(Collected data entries)
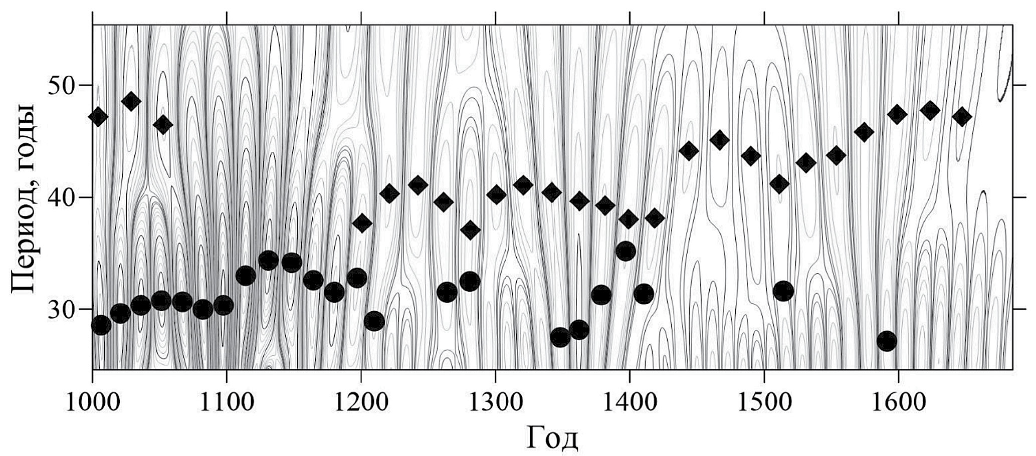 Рис. 3. Вейвлет-спектр временного ряда SN1. Изолинии ‒ модуль вейвлет-коэффициентов, круги ‒ максимумы 30-летней составляющей, ромбы ‒ максимумы 40-летней составляющей.
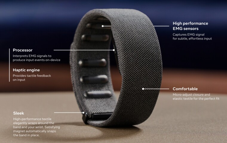 Meta, hafif dayanıklılık için magnezyumdan yapılmış Orion’un çerçeve çerçevelerine yedi küçük kamera ve sensör yerleştirdi. Orion, giriş kontrolü için ses ve göz bakışını desteklerken Meta el takibi ve EMG bilekliğiyle tamamen yeni bir yol geliştirdi. Bu, kolunuzu rahatça yanınızda tutarken kaydırmanıza, tıklamanıza ve kaydırmanıza olanak tanıyor.
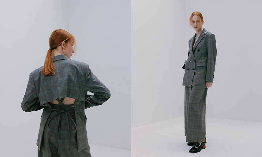 秋冬モードを一気に加速するグレンチェックのテーラードスタイル。クラシカルなディティールに相反した、大胆なバックレスデザインが魅力的。さっと羽織るだけでこなれ感のある着こなしが完成します。
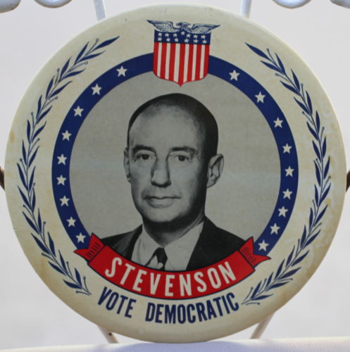 Title (ebay affiliate link): Adlai Stevenson Large Vote Democratic Presidential Campaign Pin Pinback
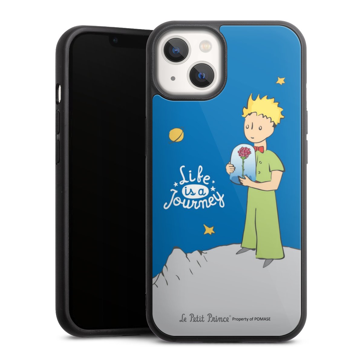 We print your design on the back of the glass inlay and then connect it firmly to the silicone case ,so that nothing sticks out and everything looks like it was cast from one piece. In addition, the sturdy glass element is protected from scratches by an additional coating and ensures a slight reflection on the shiny print image.
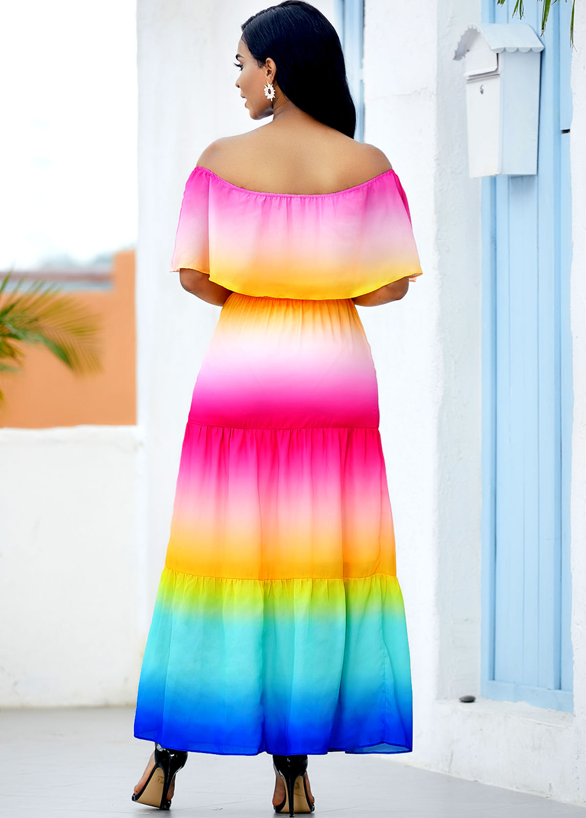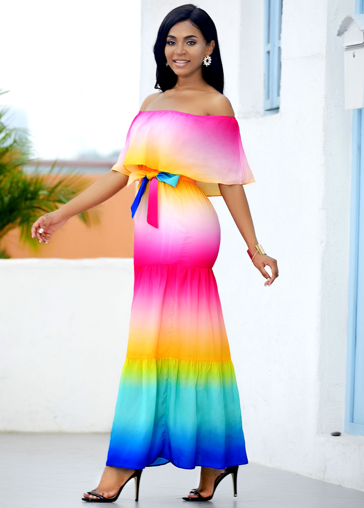 Ruffle Overlay Rainbow Color Printed Maxi Dress
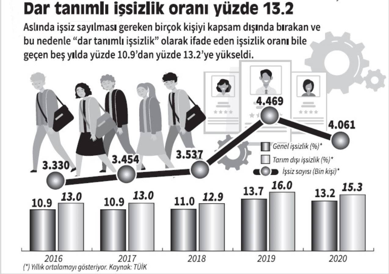 Yoksullaşmanın en büyük nedeni işsizlik... Türkiye İstatistik Kurumu’nun (TÜİK) verilerine göre Türkiye’de “dar tanımlı işsizlik” oranı Temmuz 2021 itibarıyla yüzde 12. İşsiz sayısı ise 3 milyon 932 bin kişi. Bu rakamlar beş yıl önce, Temmuz 2017’de sırasıyla yüzde 10.6 ve 3 milyon 367 kişiydi. Bu oran, 2020’de yüzde 13.2’ye ulaştı. İşsiz sayısı ise 3 milyon 330 binden 4 milyon 61 bine çıktı.
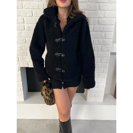 Düğme Detay Teddy Oversize Ceket Siyah

PROBLEM DESCRIPTION:
A verbatim copy of the data, with all pictures omitted, is the required output.

WRITTEN ANSWER:
 Рис. 3. Вейвлет-спектр временного ряда SN1. Изолинии ‒ модуль вейвлет-коэффициентов, круги ‒ максимумы 30-летней составляющей, ромбы ‒ максимумы 40-летней составляющей.
 Meta, hafif dayanıklılık için magnezyumdan yapılmış Orion’un çerçeve çerçevelerine yedi küçük kamera ve sensör yerleştirdi. Orion, giriş kontrolü için ses ve göz bakışını desteklerken Meta el takibi ve EMG bilekliğiyle tamamen yeni bir yol geliştirdi. Bu, kolunuzu rahatça yanınızda tutarken kaydırmanıza, tıklamanıza ve kaydırmanıza olanak tanıyor.
 秋冬モードを一気に加速するグレンチェックのテーラードスタイル。クラシカルなディティールに相反した、大胆なバックレスデザインが魅力的。さっと羽織るだけでこなれ感のある着こなしが完成します。
 Title (ebay affiliate link): Adlai Stevenson Large Vote Democratic Presidential Campaign Pin Pinback
 We print your design on the back of the glass inlay and then connect it firmly to the silicone case ,so that nothing sticks out and everything looks like it was cast from one piece. In addition, the sturdy glass element is protected from scratches by an additional coating and ensures a slight reflection on the shiny print image.
 Ruffle Overlay Rainbow Color Printed Maxi Dress
 Yoksullaşmanın en büyük nedeni işsizlik... Türkiye İstatistik Kurumu’nun (TÜİK) verilerine göre Türkiye’de “dar tanımlı işsizlik” oranı Temmuz 2021 itibarıyla yüzde 12. İşsiz sayısı ise 3 milyon 932 bin kişi. Bu rakamlar beş yıl önce, Temmuz 2017’de sırasıyla yüzde 10.6 ve 3 milyon 367 kişiydi. Bu oran, 2020’de yüzde 13.2’ye ulaştı. İşsiz sayısı ise 3 milyon 330 binden 4 milyon 61 bine çıktı.
 Düğme Detay Teddy Oversize Ceket Siyah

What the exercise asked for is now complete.